The idea that work exists only between the hours of 9 to 5, and only in your place of business, is dead. Welcome to the 21st century. Human behaviour has changed, and it’s time that the workplace caught up.

I am reminded of something Leonard Brody said yesterday (I am paraphrasing here):

People often say “oh email, instant messaging, there’s too much information, I can’t take it!” Well, you’re all liars. You thrive on more.

It’s true. Employees today can be incredibly productive, so long as their employers make it possible. Banning them from something like Facebook isn’t going to help. There are no doubt many people working for the Ontario government who are part of an older generation, one that isn’t trained to be connected all the time. Perhaps banning Facebook won’t affect them much.

The ban sets a dangerous precedent, however. The next generation of workers the government hires simply won’t stand for it. They are fundamentally different, wired to be connected 24/7. To them, Facebook is both entertainment and work. It’s a tool, not a time-waster. They’ll use it to connect with friends, and they’ll use it to connect with colleagues. Banning Facebook for these workers will definitely hinder their productivity.

Don’t be surprised to read about the Ontario government reversing this decision sometime in the next two years. I don’t think they’ll have any other choice.

Read: Mashable

8 thoughts on “Why the Facebook ban will be lifted within two years

  1. Dude, I’m with ya on that one. Currently Facebook is banned here at school, because they worry that kids will spend too much time on it. I can understand from an academic point of view why they’d ban sites like that AT SCHOOL, but the Ontario government has gone a bit too far in this case.

    I think it IS a tool, and I think that it’s important that corporations and whatnot start acknowledging that. I mean, I can talk to 17 different people at once on Facebook, while email,phone, etc only enables me to talk to one at time.

  2. Actually, I totally disagree with you. Well, I agree that the banning is stupid. However, I know of *many* government employees (not necessarily where I work, but I know of other friends of ours) who basically spend their day on Facebook.

    I hate to say this, but many people are working at government jobs *because* it is secure, there’s not a lot of challenges, and you can get by with half-assed work without too many people breathing down your neck.

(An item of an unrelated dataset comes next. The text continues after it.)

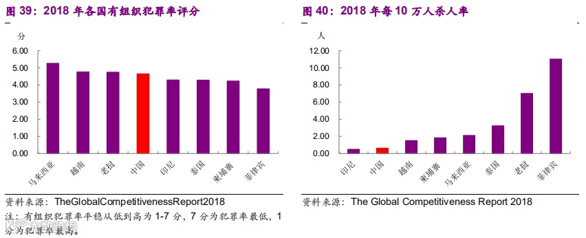 从有组织的犯罪率来看,根据 2018 年《全球竞争力报告》,中国评分为 4.6 分(分数越高说明犯罪率越低),与越南和老挝接近,低于马来西亚, 而印尼、泰国、柬埔寨、菲律宾等国有组织犯罪率则明显高于中国。
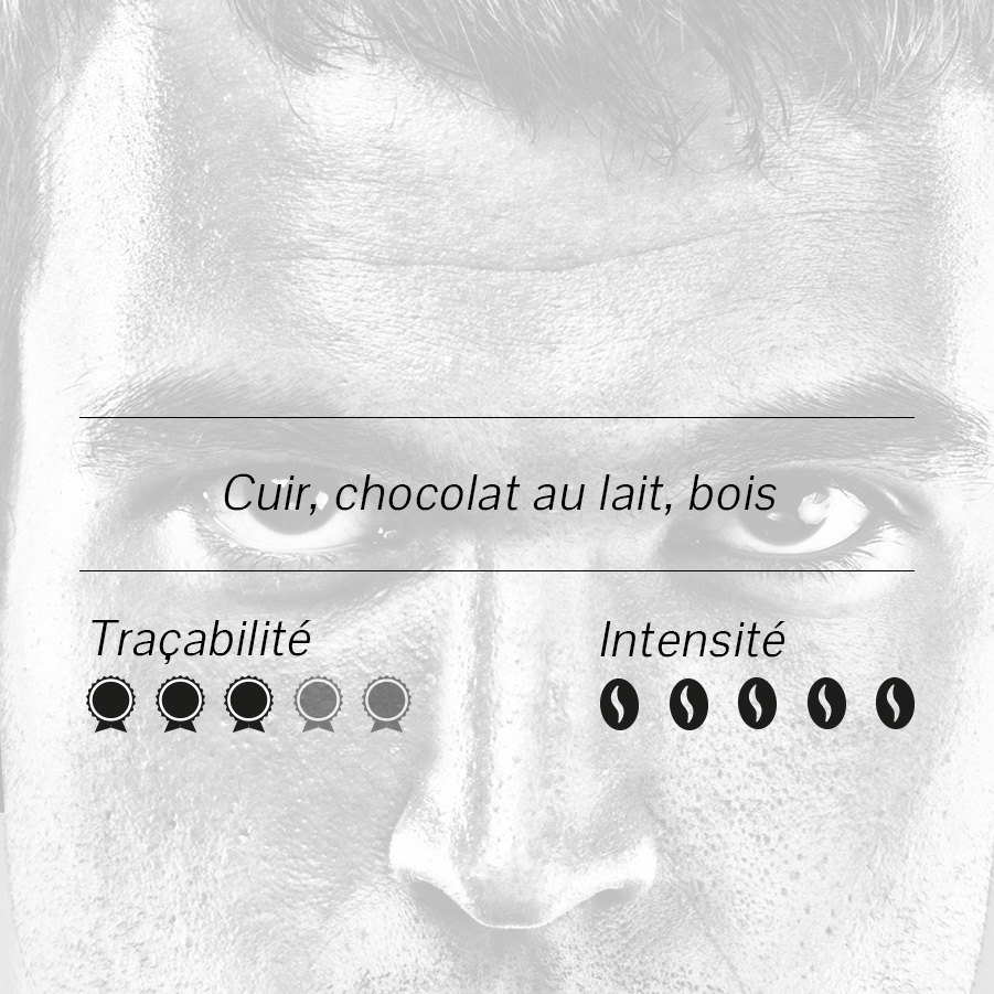 Sa persistance aromatique est remarquable, garantissant une longueur en bouche exceptionnelle. Les saveurs de cuir, chocolat au lait et bois persistent agréablement après la dégustation, prolongeant le plaisir et laissant une empreinte mémorable. Malgré son intensité affirmée, ce café est conçu pour être accessible et équilibré, offrant une expérience puissante mais harmonieuse.

I can see why the govt would ban it – the problem is not necessarily in the banning. It’s the fact that there are too many people in govt who *are* totally unproductive. If it wasn’t Facebook, it would be something else.

  3. As much as I adore Facebook, I agree with banning it from workplaces because if you’re on Facebook, it’s highly unlikely that you are doing work. I understand that Facebook can connect you with a collegue, but you can do that by picking up the phone, walking down the hall, or Blackberrying them. One does not need Facebook to do work. I enjoy staying connected all the time, but Facebook *is* a time waster. Maybe it’s because I have no self control, but in order for me to do long stretches of productive work I go to a place where is no wireless or where I have to pay for wireless.

  4. What happened to good old fashion verbal / physical relationships? Picking up the phone to call your friend? We’ve become so engrossed with our "virtual" lives that we have withdrawls when we can’t check our email.

    Our societys dependance on faceless antisocial communication is far more ridiculous than this controversy

  5. I think banning any website is like playing whack-a-mole – another one will just pop up in its place. A few years ago they were banning myspace and friendster. Even before that there were attempts to ban Hotmail.

    As for employees being unproductive, banning access to a website is just lazy management. A good manager should have some idea of what their employees are doing or getting them to be productive. But it’s easier to shut down access to a website and look impressive and pro-active to one’s own bosses than it is to inspire and challenge young staff, or even sanction the slackers.

    Banning one or two websites won’t make anyone more productive (there’s plenty of other timewasting activity available on the internet) and could shut off valuable business and marketing opportunities.